---------- Provided data ----------

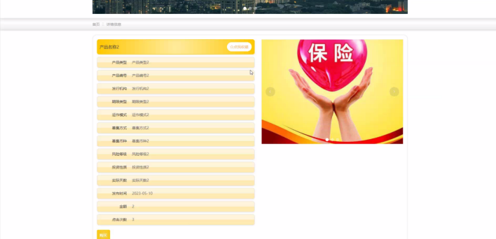 银行产品,用户可在银行产品页面查看产品名称、封面、产品类型、产品编号、发行机构、期限类型、运作模式、募集方式、募集币种、风险等级、投资性质、实际天数、发布时间、金额、点击次数等内容,还可进行收藏或购买等操作,页面如图5-3所示:
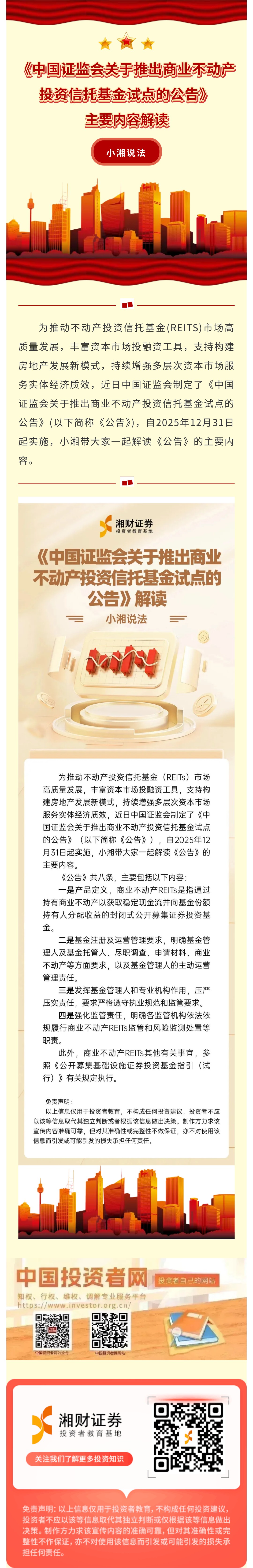 【小湘说法】《中国证监会关于推出商业不动产投资信托基金试点的公告》主要内容解读
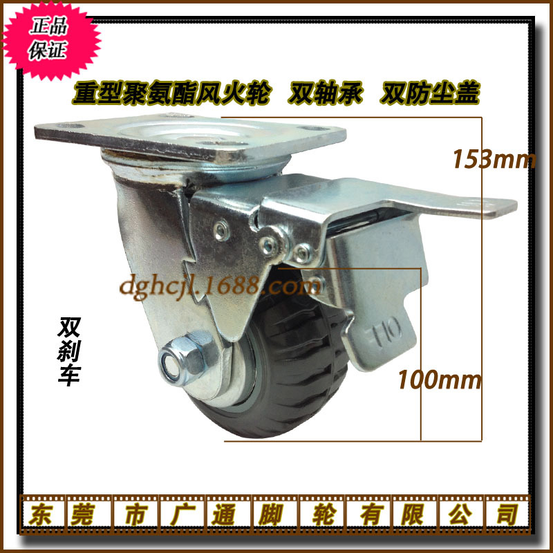 4インチ重灰風火ポリウレタンブレーキユニバーサル産業機械ダブルベアリングキャスター巻き止めpuローラー
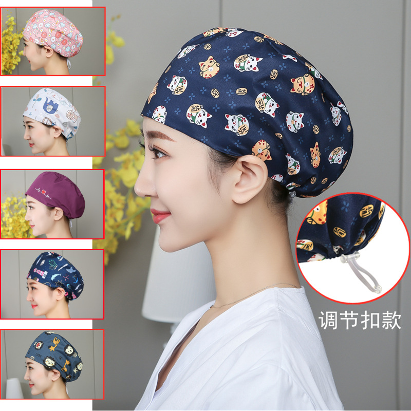 手術帽蓬蓬蓬帽加ボタン調節可能看護師純綿プリント手術室漫画包頭防塵包頭帽子
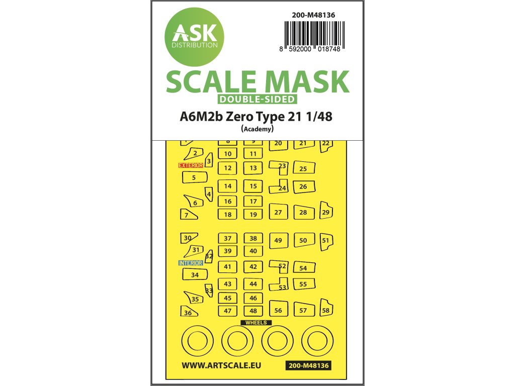 Firma Art Scale Kit Distribution (ASK) vyrábí předřezané a očíslované maskovací fólie pro plastikové modely. Masky jsou navrženy především pro maskování kabinek a koleček, ale usnadňují i maskování dalších částí modelu. Každá sada je doporučena pro konkrétní model stavebnice v odpovídajícím měřítku, což zaručuje maximální přesnost a snadné použití.
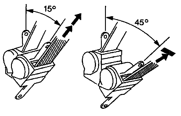 4.3. Ensure that the seat belt webbing can be pulled from the retractor at an inclination of 15 degrees or less and cannot be pulled from the retractor at an inclination of 45 degrees or more.
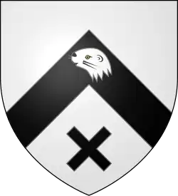 Argent, on a chevron sable, an otter's head erased of the first, in base a saltire couped of the second
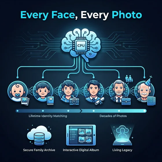 Send in a shoebox of unlabeled photos and the system identifies who's in every one — matching faces across decades, from baby pictures to retirement parties. As you tell stories, names get linked to faces automatically. What was once a pile of forgotten prints becomes a fully cataloged family archive.
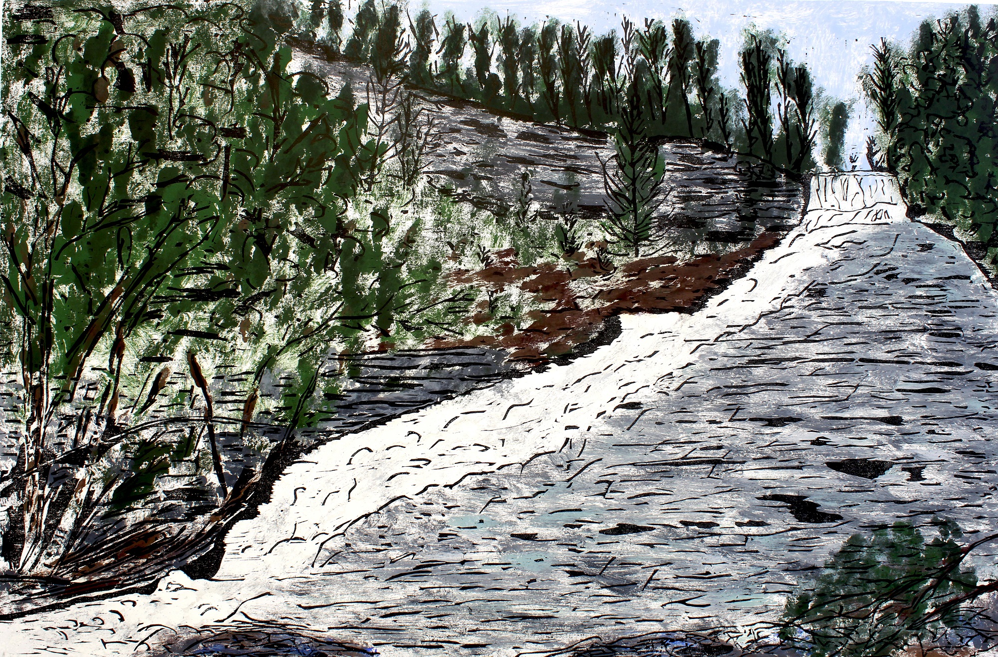 This and "Sturgeon River Rapids" are the first of a kind for me, combining a Monotype with a Woodcut. They are the largest of anything I have done, 22 by 34 inches. After drawing and sealing the image on the woodblock I painted it with my printmaking ink and pressed the paper to it, creating the colors of the print. I did this four times for four prints, each uniquely different. Then I carved the woodblock and printed that in block over the top of each monotype.
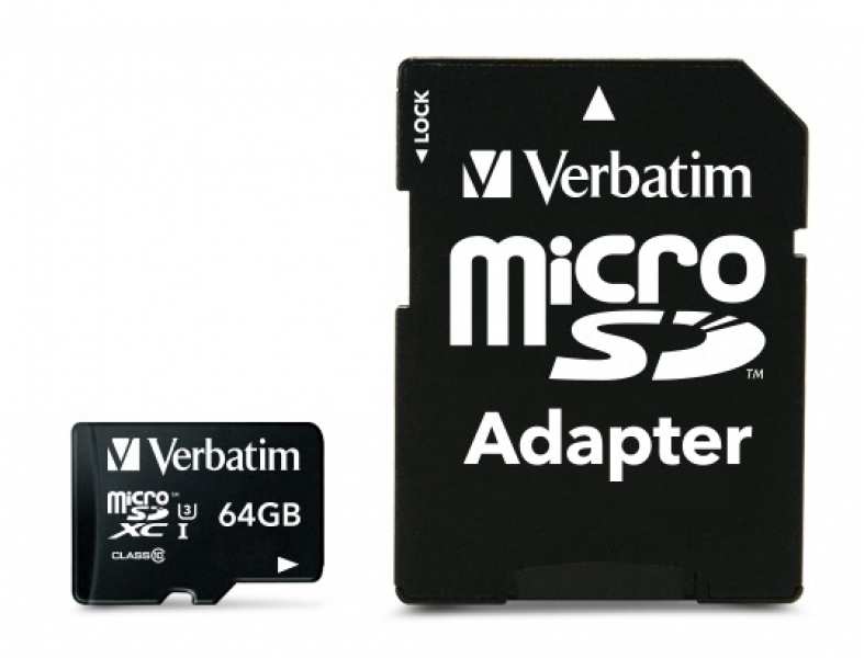 Verbatim Pro. Capacity 64 GB, Flash card type MicroSDXC, Flash memory class Class 10, Internal memory type UHS, Read speed 90 MB/s, Write speed 45 MB/s. Protection features Shock resistant,Water resistant, Product colour Black
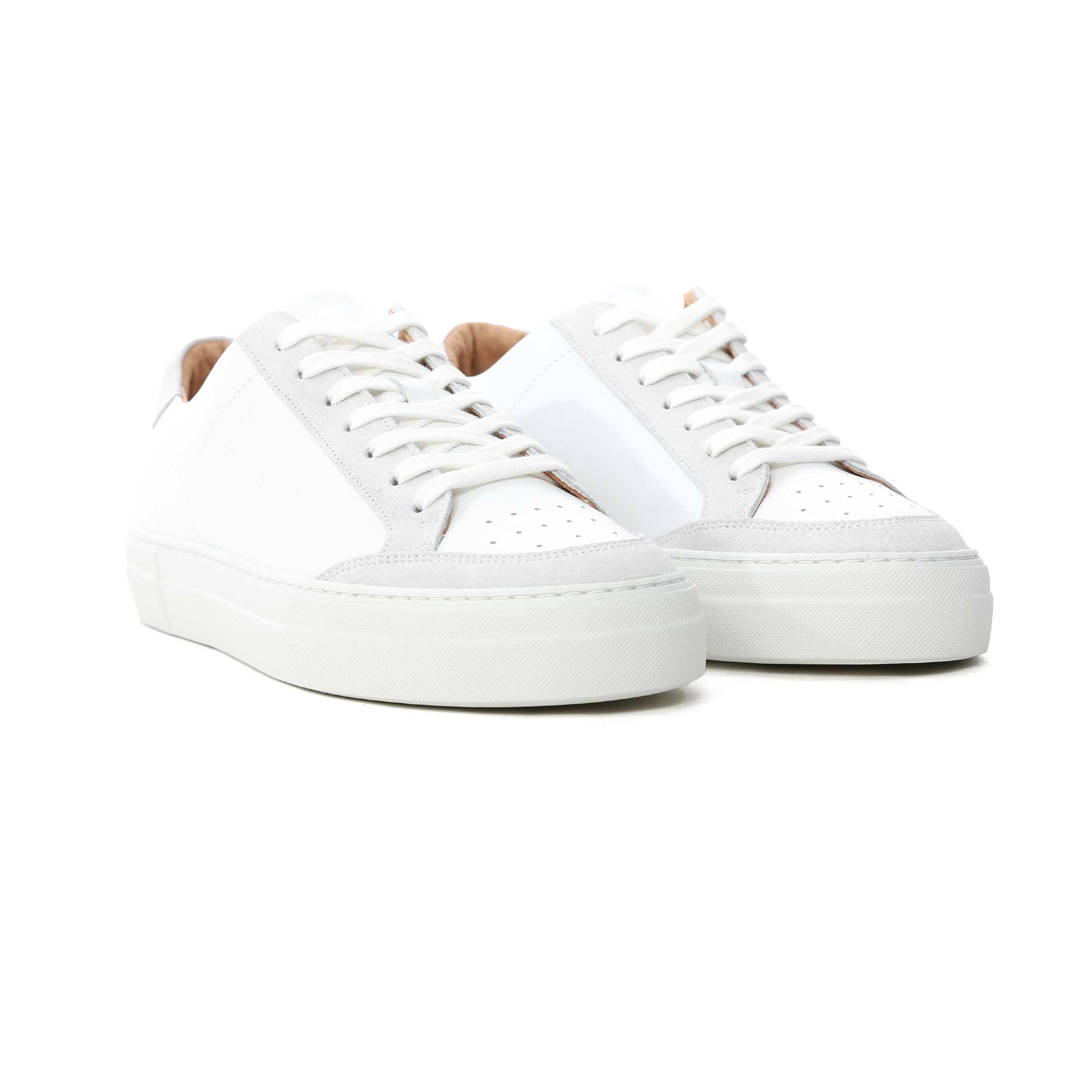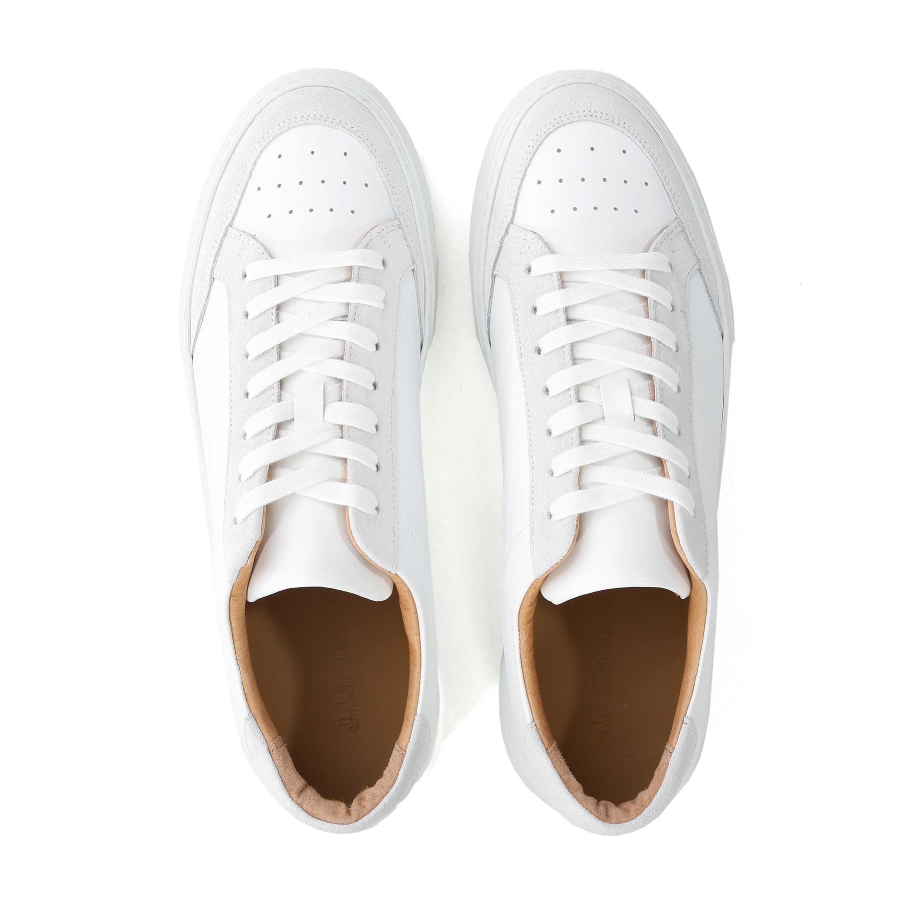 J.Lindeberg Art Signature Trainer in White. The J.Lindeberg Art Signature Leather Sneaker is crafted from smooth calf leather, this low-top design features a perforated toe. A cushioned rubber sole for all-day comfort. Suede panel detailing finished with leather lining, flat cotton laces, and the signature debossed Bridge logo at the heel, it’s the perfect blend of style and versatility. Pairs effortlessly with jeans, chinos, or tailored trousers for a smart, contemporary look.

----------

What you need to do: Output all of the data exactly as it stands, minus any images.

Answer space:
 银行产品,用户可在银行产品页面查看产品名称、封面、产品类型、产品编号、发行机构、期限类型、运作模式、募集方式、募集币种、风险等级、投资性质、实际天数、发布时间、金额、点击次数等内容,还可进行收藏或购买等操作,页面如图5-3所示:
 【小湘说法】《中国证监会关于推出商业不动产投资信托基金试点的公告》主要内容解读
 4インチ重灰風火ポリウレタンブレーキユニバーサル産業機械ダブルベアリングキャスター巻き止めpuローラー
 手術帽蓬蓬蓬帽加ボタン調節可能看護師純綿プリント手術室漫画包頭防塵包頭帽子
 Firma Art Scale Kit Distribution (ASK) vyrábí předřezané a očíslované maskovací fólie pro plastikové modely. Masky jsou navrženy především pro maskování kabinek a koleček, ale usnadňují i maskování dalších částí modelu. Každá sada je doporučena pro konkrétní model stavebnice v odpovídajícím měřítku, což zaručuje maximální přesnost a snadné použití.
 4.3. Ensure that the seat belt webbing can be pulled from the retractor at an inclination of 15 degrees or less and cannot be pulled from the retractor at an inclination of 45 degrees or more.
 Argent, on a chevron sable, an otter's head erased of the first, in base a saltire couped of the second
 Send in a shoebox of unlabeled photos and the system identifies who's in every one — matching faces across decades, from baby pictures to retirement parties. As you tell stories, names get linked to faces automatically. What was once a pile of forgotten prints becomes a fully cataloged family archive.
 This and "Sturgeon River Rapids" are the first of a kind for me, combining a Monotype with a Woodcut. They are the largest of anything I have done, 22 by 34 inches. After drawing and sealing the image on the woodblock I painted it with my printmaking ink and pressed the paper to it, creating the colors of the print. I did this four times for four prints, each uniquely different. Then I carved the woodblock and printed that in block over the top of each monotype.
 Verbatim Pro. Capacity 64 GB, Flash card type MicroSDXC, Flash memory class Class 10, Internal memory type UHS, Read speed 90 MB/s, Write speed 45 MB/s. Protection features Shock resistant,Water resistant, Product colour Black
 J.Lindeberg Art Signature Trainer in White. The J.Lindeberg Art Signature Leather Sneaker is crafted from smooth calf leather, this low-top design features a perforated toe. A cushioned rubber sole for all-day comfort. Suede panel detailing finished with leather lining, flat cotton laces, and the signature debossed Bridge logo at the heel, it’s the perfect blend of style and versatility. Pairs effortlessly with jeans, chinos, or tailored trousers for a smart, contemporary look.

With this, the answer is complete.